The primary objective of the trial was to determine whether the frequency of adverse events, after initiation of anti-malarial treatment, was significantly lower in those who received thiamin supplementation in comparison to those who did not. The secondary objective was to determine the frequency of biochemical thiamin deficiency and whether this was related to the clinical severity of disease and to compare resolution of deficiency between those who did and did not receive thiamin supplementation. The following outcomes were also reported: PCR-corrected adequate clinical and parasitological responses at day 42 [20], the PCT (the time in hours from the first treatment dose to the first of two consecutive thick films that were negative for asexual falciparum parasites after checking ≥500 oil fields) and fever clearance times (FCT, time in hours from the start of treatment at which the tympanic temperature first dropped below 37.5°C and remained below 37.5°C for 48 hours) following anti-malarial treatment. These have been reported, in part, in Mayxay et al.[3].

Statistical analysis

Data were analysed using Stata v9 (StataCorp, College Station, TX, USA). Comparisons between two groups were made by the Mann–Whitney U, Student’s t, chi-square, and Fisher’s exact tests, as appropriate. Cure rates were calculated as the proportion of patients with PCR-confirmed recrudescence using intention-to-treat (ITT) and per-protocol (PP) populations and by Kaplan-Meier survival analysis.
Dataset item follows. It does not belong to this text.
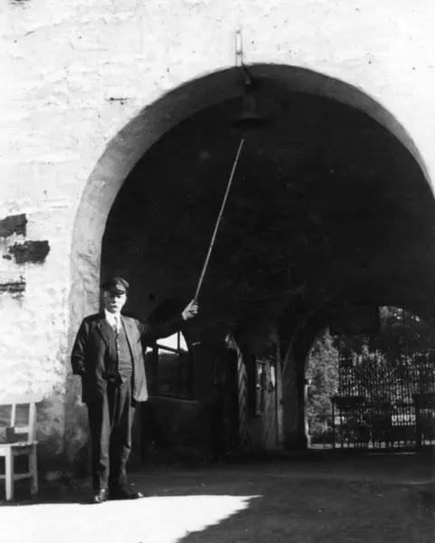 Portvakten, Andresen foran Bergensporten, bygning nr. 301 på Norsk Folkemuseum, der han ringer til frokost.

In the ITT population all losses to follow-up were treated as failures and in the PP population losses to follow-up were excluded from the analysis. Patients with new infections were regarded as cures in both analyses. Gametocyte carriage was summarized as person-gametocytes-week rates calculated as the total number of weeks with gametocytes divided by the total number of weeks of follow-up.

Results

At the end of the third trial season when 630 patients had been recruited, following an interim analysis, the DMC advised that the study should be discontinued on the grounds of futility, with evidence that the study could not meet its primary endpoint. Of 630 patients enrolled in the trial [619 (98%) with P. falciparum mono-infection and 11 (2%) with mixed infections (10 P. falciparum + Plasmodium vivax and one P. falciparum + Plasmodium malariae)], 314 and 316 received thiamin and identical placebo, respectively (Figure 1). Forty-two day follow up was completed for 309 (98%) in the thiamin and 308 (97%) in the placebo groups (Figure 1). Two patients (one in each arm) had persistent vomiting after taking AL, 7 (4 in thiamin and 3 in placebo groups) withdrew consent for further follow up, and 4 in the placebo group were lost to follow up.

Figure 1
figure 1

Patient flow diagram. N.B. +ve = positive; Pf = Plasmodium falciparum; Pv = P. vivax; Pm = P. malariae; PCR = polymerase chain reaction.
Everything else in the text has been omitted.